A final point in relation to the user/learner parallel. Both can be misleading; there are many different types of each. The common assumption that Andrew Keen is so critical of is that the user is someone with no specialist knowledge of a field- like most of us in relation to most specialist fields that we rely on! There is a similar assumption about learners and the hope that somehow unsuccessful learners will be able to learn on their own with the help of the technology. It seems to me no more likely than that anything of quality will emerge out of Youtube.  As such a focus on the user or the learner can easily become a profoundly anti-intellectual and anti-specialist and even anti-teacher idea which sees specialists as privileged dominators of learners and users.

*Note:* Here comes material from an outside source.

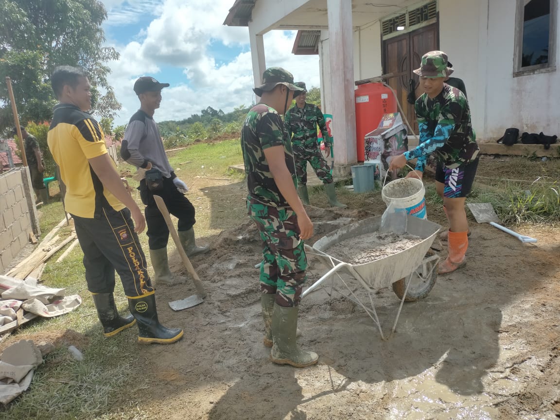 Tampak anggota satgas TMMD Praka Firmansyah bersama warga bersinergi bersama-sama dalam meramu adukan semen.
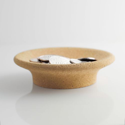 This catchall tray holds keys, coins, & doodads. It's shallow dish if formed for easy grab and go use. The molded cork body offers a satisfying thump instead of a clang.

A more positive approach might be to begin with how ‘specialist users’ such as researchers make use of the learning and communication  possibilities of internet technologies and generate knowledge in new ways through chat rooms and other networking and user generated devices.

 

This might suggest lessons for educationalists who might want to use similar technologies for pedagogic purposes like networking with students on an individual and group basis. 

 

We must not merely to resist new developments - we have to identify an education that points in a different direction through a pedagogic challenge that generates new knowledge and provoke debate.

 

Observations

 

  • Michael says he want to set the debate in a wider social and economic context, particularly around the debate on consumers and producers of education.
  • Focus on 2 books: Andrew Keen "Cult of the Amateur" and Damien Thompson: "Counter Knowledge" - 'bogus sicence and fake history"
  • Also looked at various DEMOS pamphlets
  • Paper is a work in process
  • Started about thinking about newe technologies and what they offer in terms of developing "new Content".
  • Unrealistic enthusiasms on the one hand, but also intersting use of tecnologies being made by researchers.

     

Audience

Diana L: differentiate between, content, knowledge, context - they are all different. The technology enables learners to create in new approaches to learning which enables them to address traditional knowledge in new ways.